Angela usłyszała trzaśniecie drzwi samochodu i podeszła do biurka, przy którym Claiborne siedział na obrotowym krześle.
– Przyjechał do domu, kochanie. Czy jesteś przekonany co do tego, co postanowiliśmy?
– O tyle, o ile jest to możliwe w tych okolicznościach.
– Bardzo dobrze, ale czy musisz z nim rozmawiać, siedząc za biurkiem niczym sędzia? Poczekajmy na niego na sofie.
Kiedy Clay wszedł do gabinetu, wyglądał na zmizerowanego. Stał, prawie nieświadomy przyjemnego ciepła, jakie dawał płonący ogień na kominku. Zbyt go przejęło napięcie malujące się na twarzach rodziców.
– Wejdź, Clay – zaprosiła go Angela. – Porozmawiajmy.
– Miałem straszny dzień. – Clay ze znużeniem opadł na fotel przy stoliku do kawy, odwrócony do nich tyłem, i pochyliwszy głowę, masował sobie kark. – A jak wy?

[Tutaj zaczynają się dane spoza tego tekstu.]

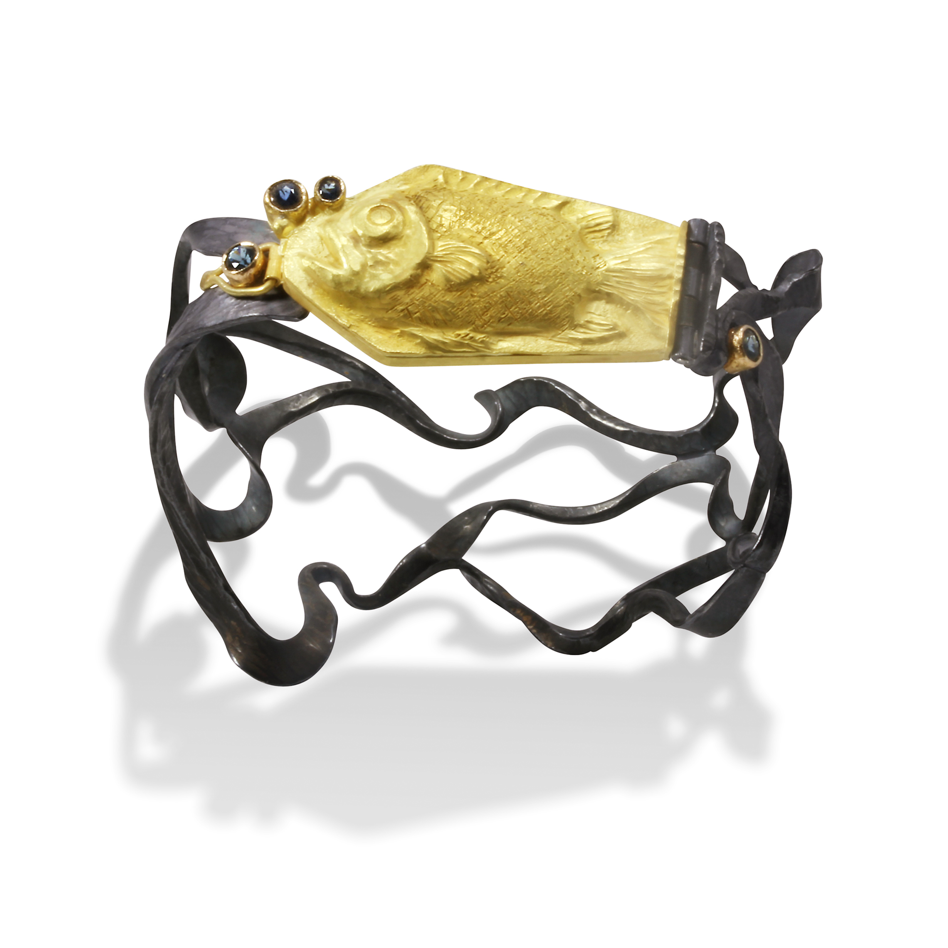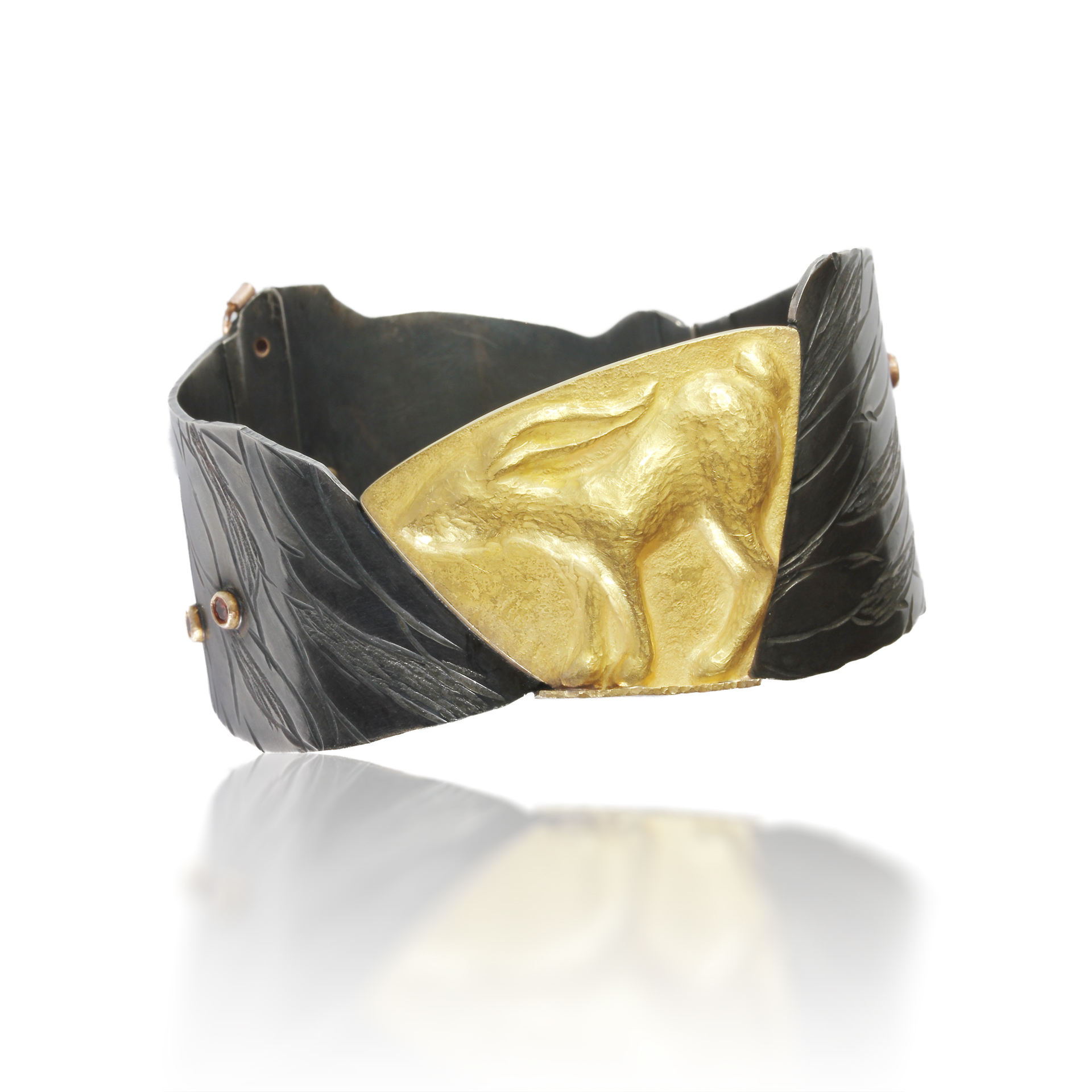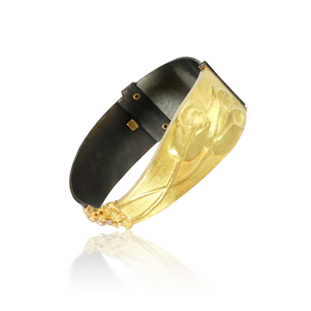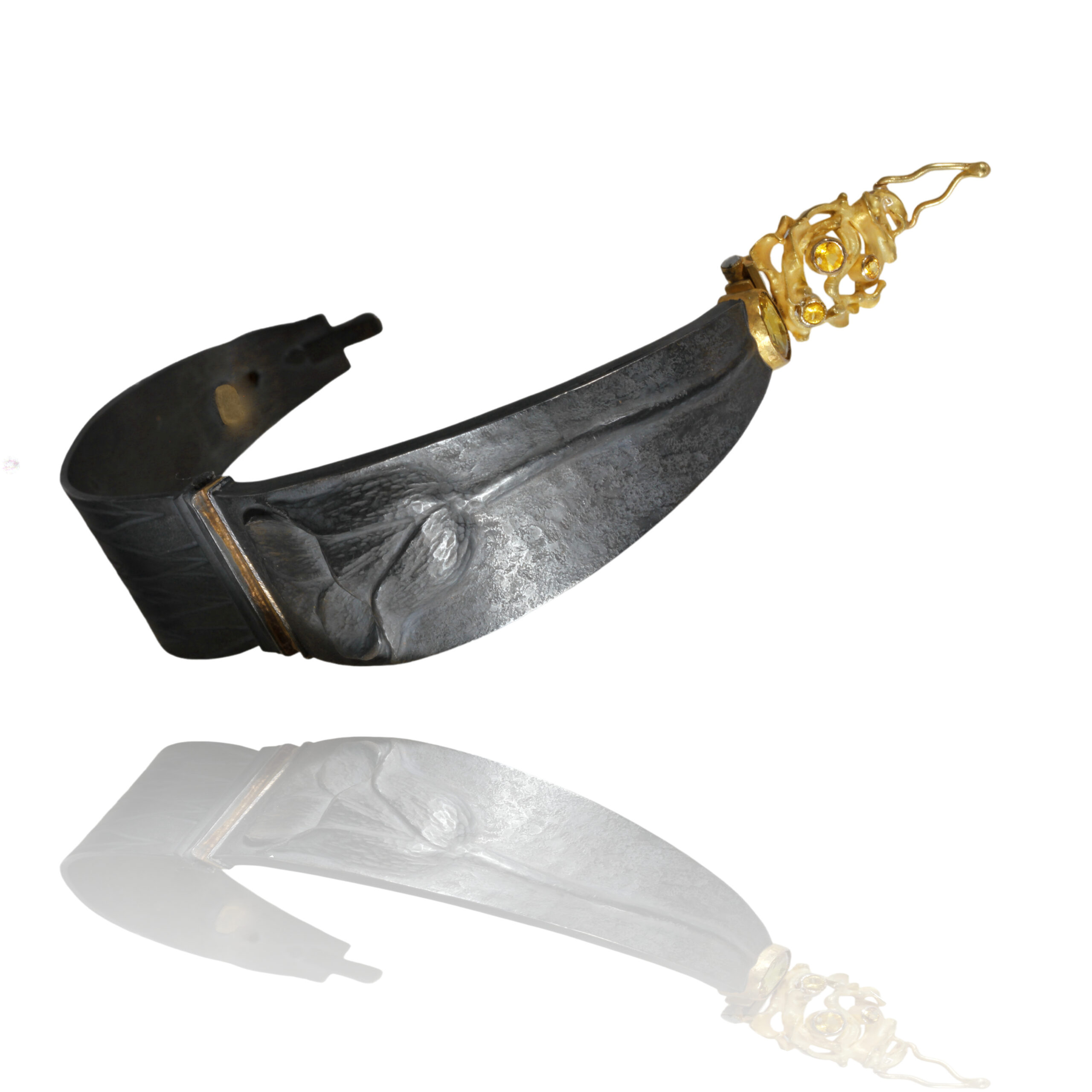 This hinged cuff bracelet has a patinated silver black tulip that wraps around the front , and has an oval yellow sapphire at the end of the stem. The back has a chased textures leaf pattern

– Podobnie – odparł ojciec. – Spędziliśmy popołudnie w Arboretum i rozmawialiśmy. O tej porze roku, kiedy nie ma wycieczkowiczów, jest tam spokojnie.
– Niewiele udało mi się dzisiaj zdziałać, równie dobrze mogłem zostać w domu. Cały czas myślałem o niej.
– I?
– Nic się nie zmieniło od wczorajszego wieczoru. Chcę po prostu zapomnieć, że istnieje.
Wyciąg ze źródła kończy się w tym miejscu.